▶ Task requirements: Leave the pictures out, and transcribe the material below exactly from the line with "A MADSEN AND" to the line with "交易策略:76.432上方看涨,目标77.336 77.938", both lines included.

▶ Extracted data:

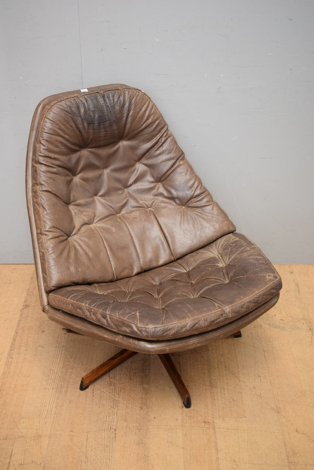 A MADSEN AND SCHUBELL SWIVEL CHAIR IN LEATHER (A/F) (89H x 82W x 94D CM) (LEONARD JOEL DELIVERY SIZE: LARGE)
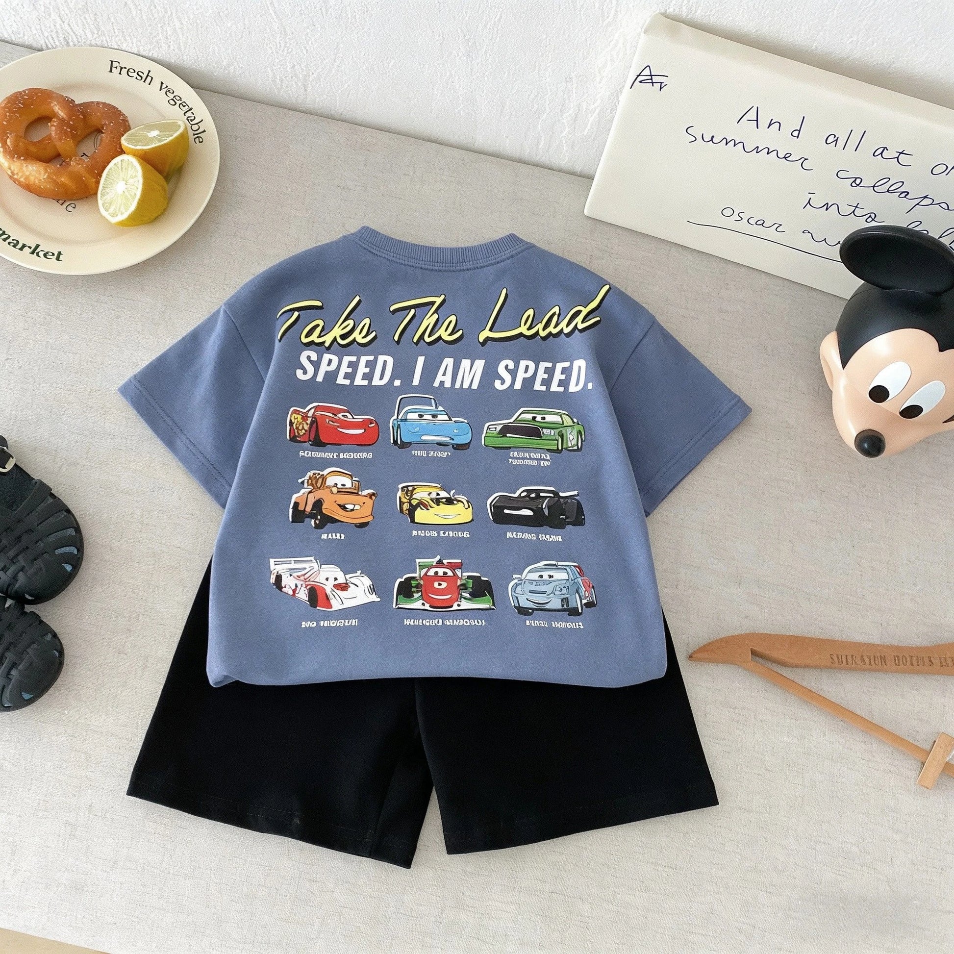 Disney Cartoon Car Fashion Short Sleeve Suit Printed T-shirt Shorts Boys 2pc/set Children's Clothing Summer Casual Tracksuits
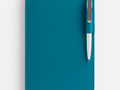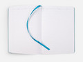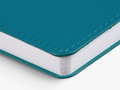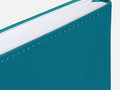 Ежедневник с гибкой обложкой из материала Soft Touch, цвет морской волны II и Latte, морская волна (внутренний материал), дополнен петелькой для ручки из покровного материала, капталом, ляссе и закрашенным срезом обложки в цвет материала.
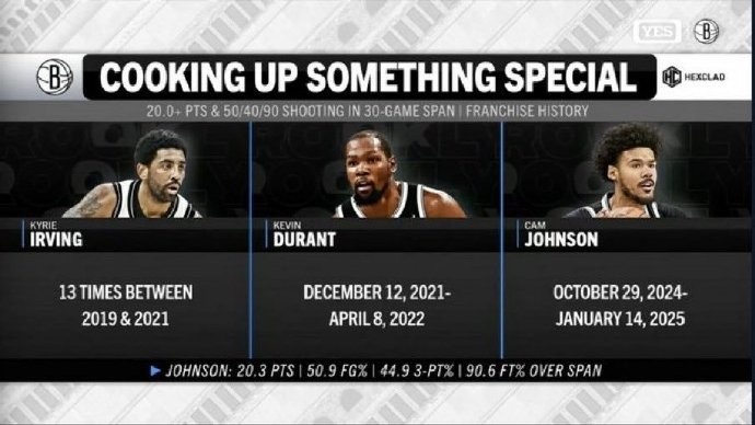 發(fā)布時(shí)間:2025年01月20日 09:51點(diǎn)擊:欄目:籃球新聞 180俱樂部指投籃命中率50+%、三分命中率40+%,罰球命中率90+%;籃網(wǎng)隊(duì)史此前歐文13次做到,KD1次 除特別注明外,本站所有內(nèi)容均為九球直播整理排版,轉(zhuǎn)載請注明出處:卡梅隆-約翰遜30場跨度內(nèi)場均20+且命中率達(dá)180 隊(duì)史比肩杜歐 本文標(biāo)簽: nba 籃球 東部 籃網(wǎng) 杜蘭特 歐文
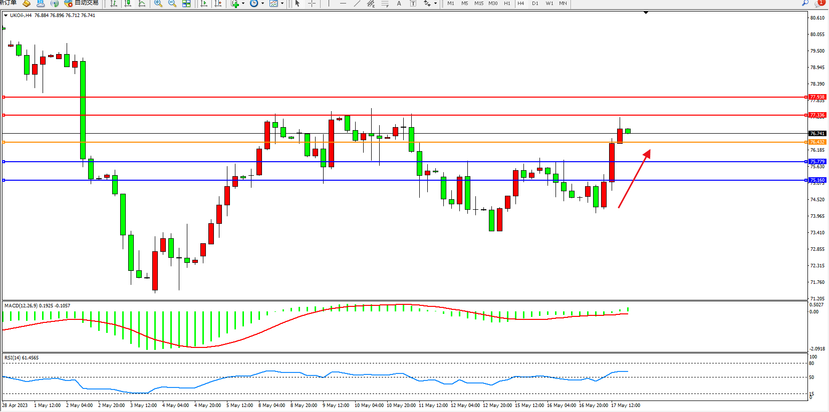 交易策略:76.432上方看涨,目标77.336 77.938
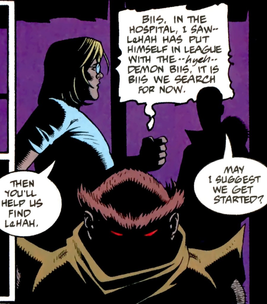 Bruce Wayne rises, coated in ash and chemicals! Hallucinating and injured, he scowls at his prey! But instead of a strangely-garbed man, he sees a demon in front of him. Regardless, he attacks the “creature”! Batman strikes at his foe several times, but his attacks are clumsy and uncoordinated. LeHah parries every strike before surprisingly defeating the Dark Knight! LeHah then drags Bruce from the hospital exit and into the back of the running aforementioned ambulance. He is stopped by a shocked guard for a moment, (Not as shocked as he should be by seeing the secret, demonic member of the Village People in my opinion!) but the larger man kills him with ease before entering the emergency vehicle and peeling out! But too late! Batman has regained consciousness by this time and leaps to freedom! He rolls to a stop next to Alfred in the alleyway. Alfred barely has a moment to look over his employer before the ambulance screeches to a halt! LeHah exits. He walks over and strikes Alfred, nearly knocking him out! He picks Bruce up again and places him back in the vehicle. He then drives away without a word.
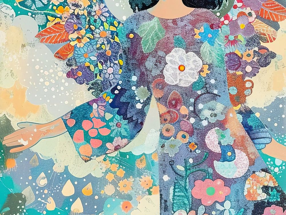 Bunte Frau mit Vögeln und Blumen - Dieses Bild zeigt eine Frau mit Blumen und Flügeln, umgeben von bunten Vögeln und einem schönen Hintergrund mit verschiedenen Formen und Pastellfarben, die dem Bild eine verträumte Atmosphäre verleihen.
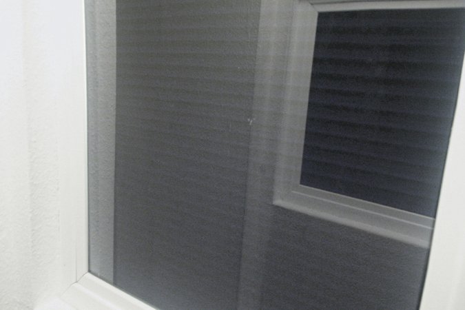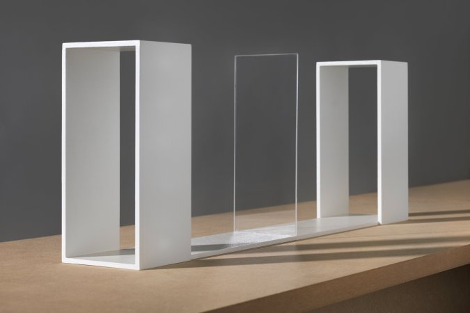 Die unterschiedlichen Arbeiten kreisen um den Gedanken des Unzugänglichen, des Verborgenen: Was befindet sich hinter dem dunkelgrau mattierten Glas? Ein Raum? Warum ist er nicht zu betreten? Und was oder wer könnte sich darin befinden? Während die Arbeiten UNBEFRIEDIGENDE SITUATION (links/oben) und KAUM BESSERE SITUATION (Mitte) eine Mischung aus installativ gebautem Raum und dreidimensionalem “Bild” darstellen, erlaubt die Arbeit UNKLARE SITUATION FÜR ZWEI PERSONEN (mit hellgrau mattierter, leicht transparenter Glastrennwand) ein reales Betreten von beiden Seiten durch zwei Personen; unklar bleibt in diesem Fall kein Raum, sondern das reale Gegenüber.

---

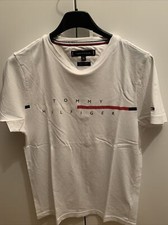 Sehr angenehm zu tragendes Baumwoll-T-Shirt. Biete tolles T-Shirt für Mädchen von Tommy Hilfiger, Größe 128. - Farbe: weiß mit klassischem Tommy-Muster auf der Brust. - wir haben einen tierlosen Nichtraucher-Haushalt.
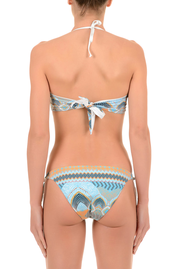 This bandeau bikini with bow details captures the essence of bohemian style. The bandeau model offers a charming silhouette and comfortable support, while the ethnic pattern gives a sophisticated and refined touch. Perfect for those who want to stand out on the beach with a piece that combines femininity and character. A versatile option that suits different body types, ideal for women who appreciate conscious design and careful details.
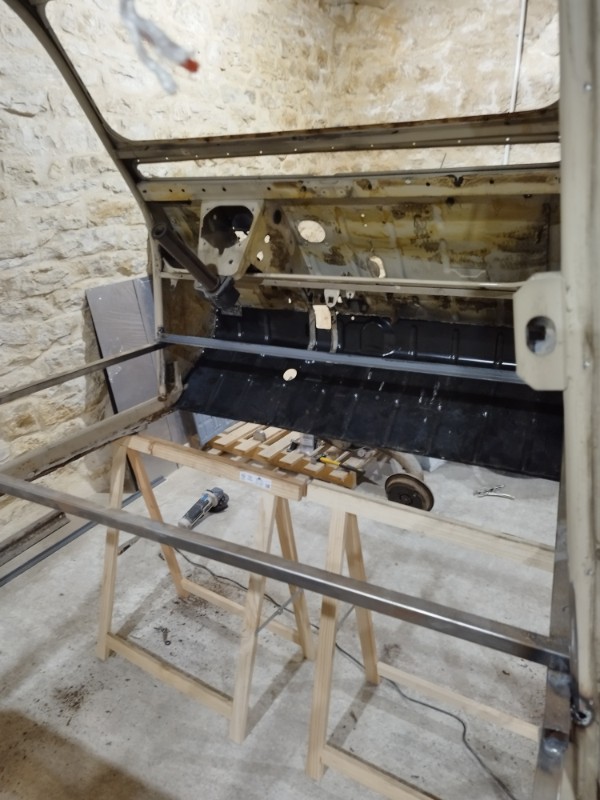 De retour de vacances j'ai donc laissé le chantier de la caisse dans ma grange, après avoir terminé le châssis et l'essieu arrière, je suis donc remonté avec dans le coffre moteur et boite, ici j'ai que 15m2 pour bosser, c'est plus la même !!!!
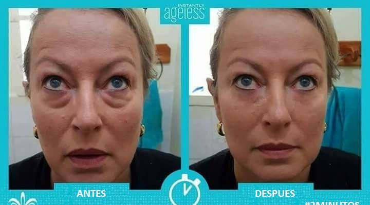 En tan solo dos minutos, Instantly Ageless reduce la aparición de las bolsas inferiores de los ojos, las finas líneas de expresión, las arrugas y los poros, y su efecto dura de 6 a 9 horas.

▶ Finished exercise:
 A MADSEN AND SCHUBELL SWIVEL CHAIR IN LEATHER (A/F) (89H x 82W x 94D CM) (LEONARD JOEL DELIVERY SIZE: LARGE)
 Disney Cartoon Car Fashion Short Sleeve Suit Printed T-shirt Shorts Boys 2pc/set Children's Clothing Summer Casual Tracksuits
 Ежедневник с гибкой обложкой из материала Soft Touch, цвет морской волны II и Latte, морская волна (внутренний материал), дополнен петелькой для ручки из покровного материала, капталом, ляссе и закрашенным срезом обложки в цвет материала.
 發(fā)布時(shí)間:2025年01月20日 09:51點(diǎn)擊:欄目:籃球新聞 180俱樂部指投籃命中率50+%、三分命中率40+%,罰球命中率90+%;籃網(wǎng)隊(duì)史此前歐文13次做到,KD1次 除特別注明外,本站所有內(nèi)容均為九球直播整理排版,轉(zhuǎn)載請注明出處:卡梅隆-約翰遜30場跨度內(nèi)場均20+且命中率達(dá)180 隊(duì)史比肩杜歐 本文標(biāo)簽: nba 籃球 東部 籃網(wǎng) 杜蘭特 歐文
 交易策略:76.432上方看涨,目标77.336 77.938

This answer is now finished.